| THE TASK |
Up to and including the line with "滝前の広い空間に落ちる直瀑は裏見滝でもある。", write out the listing from its first line, minus the pictures.

| DATA SECTION |
◆ ◆ ◆ ◆ ◆
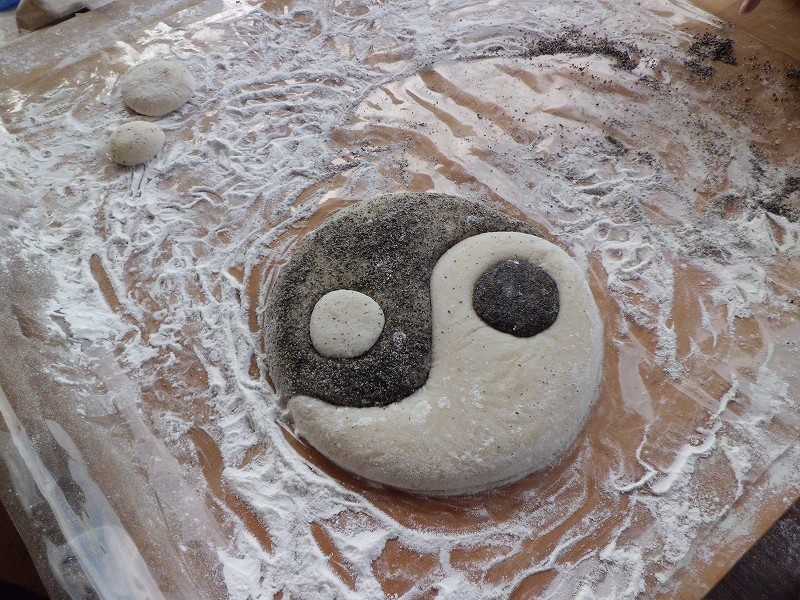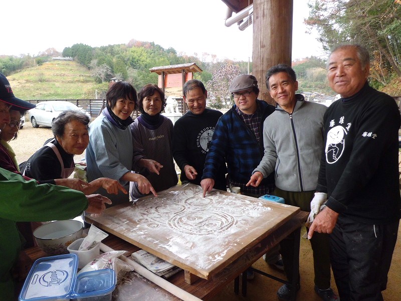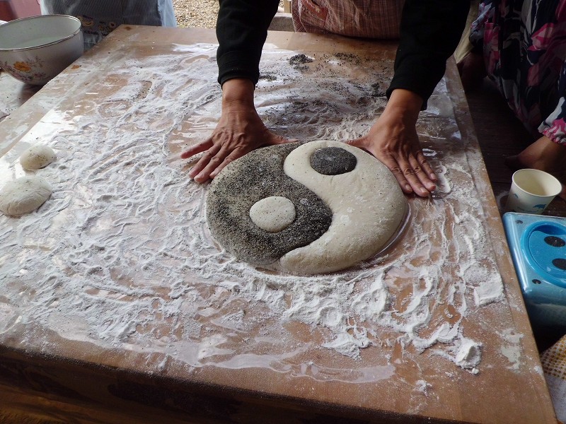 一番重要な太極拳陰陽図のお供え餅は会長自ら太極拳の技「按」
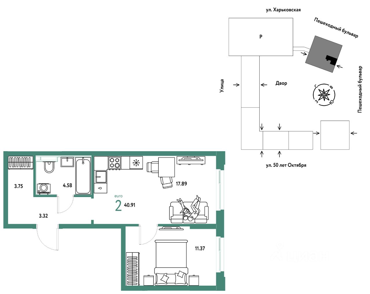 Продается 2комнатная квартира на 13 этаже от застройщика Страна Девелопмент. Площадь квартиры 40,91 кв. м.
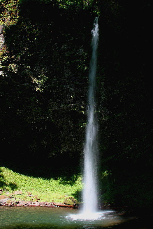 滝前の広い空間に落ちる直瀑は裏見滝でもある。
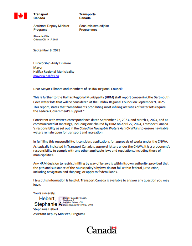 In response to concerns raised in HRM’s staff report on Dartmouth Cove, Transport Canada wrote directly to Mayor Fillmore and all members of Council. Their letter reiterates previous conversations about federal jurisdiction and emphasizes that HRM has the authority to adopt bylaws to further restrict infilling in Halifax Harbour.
◆ ◆ ◆ ◆ ◆
| ANSWER TO THIS EXERCISE |
 一番重要な太極拳陰陽図のお供え餅は会長自ら太極拳の技「按」
 Продается 2комнатная квартира на 13 этаже от застройщика Страна Девелопмент. Площадь квартиры 40,91 кв. м.
 滝前の広い空間に落ちる直瀑は裏見滝でもある。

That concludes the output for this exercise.